Aim of the exercise - What you return must match the entries exactly, except that the pictures are gone.

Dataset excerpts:
--- START ---

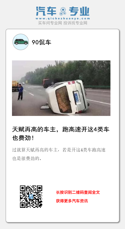 高手开车,各种出其不意的顶尖操作,不仅看着潇洒,感觉刺激,还给人以安全感。安全是开车的基础,要照顾乘车人的感受,要温柔体贴,动作不能过猛,车踩油门要轻,踩刹车要早,车子能行驶平稳,乘客坐在车上就好比躺在家里沙发上一样,仿佛进了安全港湾。若是单纯追求刺激,去追求一些过猛的操作,算不上高手,不过就算天赋再高的车主,若是开这4类车跑高速也是很费劲的。
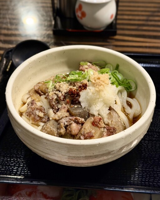 牛すじうどん 冷、菜の花からし和え、しいたけ網焼き
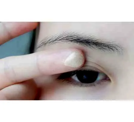 第三步:先用a色眼影打底眼窝。
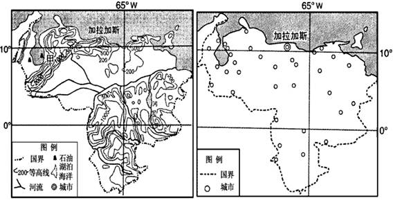 (1)由图中经纬度可知,该国为委内瑞拉,根据图中等高线分布特点,甲处等高线密集,海拔较高;地形以山地为主;坡度大;山脉大致呈东北一西南走向。
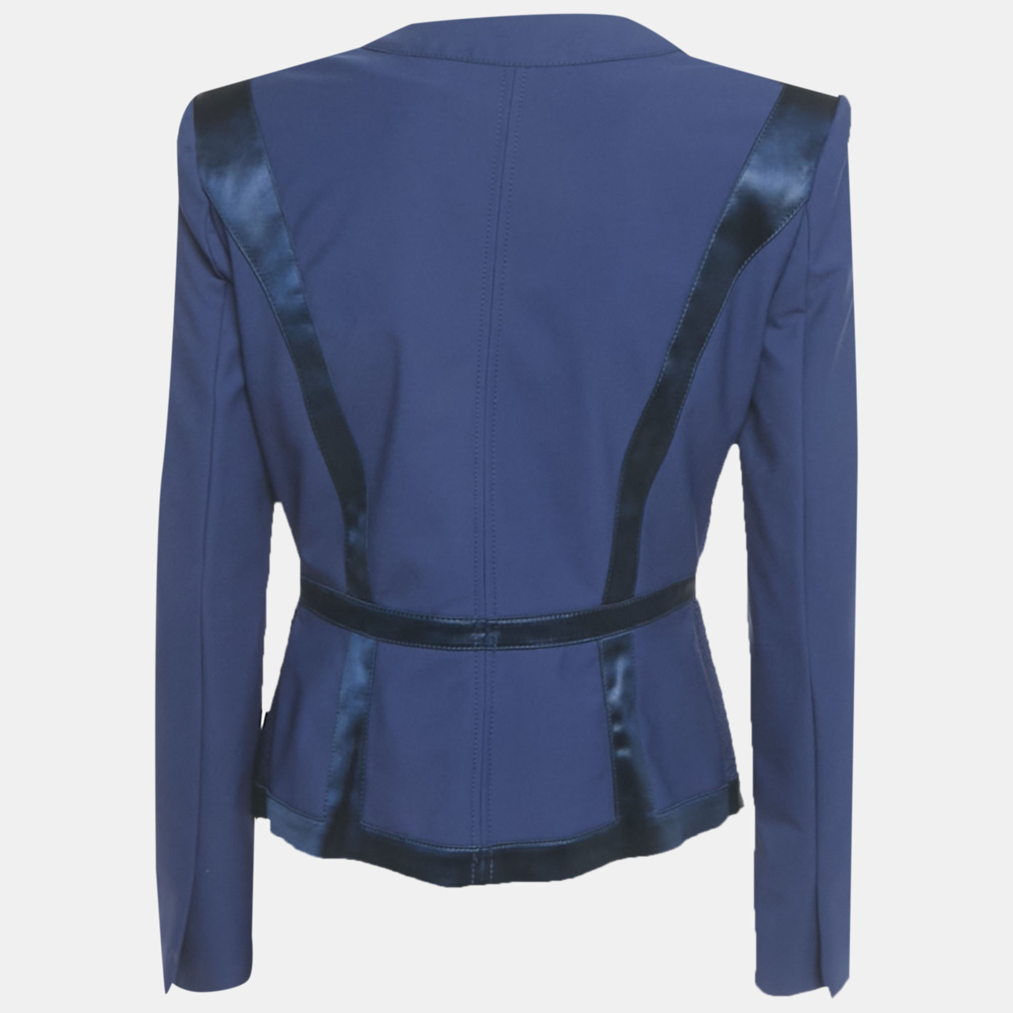 Elisabetta Franchi brings modern sophistication to tailoring with this blue crepe blazer. Designed with clean lines and subtle logo accents, it embodies effortless power dressing.

--- END ---

Answer for this exercise -
 高手开车,各种出其不意的顶尖操作,不仅看着潇洒,感觉刺激,还给人以安全感。安全是开车的基础,要照顾乘车人的感受,要温柔体贴,动作不能过猛,车踩油门要轻,踩刹车要早,车子能行驶平稳,乘客坐在车上就好比躺在家里沙发上一样,仿佛进了安全港湾。若是单纯追求刺激,去追求一些过猛的操作,算不上高手,不过就算天赋再高的车主,若是开这4类车跑高速也是很费劲的。
 牛すじうどん 冷、菜の花からし和え、しいたけ網焼き
 第三步:先用a色眼影打底眼窝。
 (1)由图中经纬度可知,该国为委内瑞拉,根据图中等高线分布特点,甲处等高线密集,海拔较高;地形以山地为主;坡度大;山脉大致呈东北一西南走向。
 Elisabetta Franchi brings modern sophistication to tailoring with this blue crepe blazer. Designed with clean lines and subtle logo accents, it embodies effortless power dressing.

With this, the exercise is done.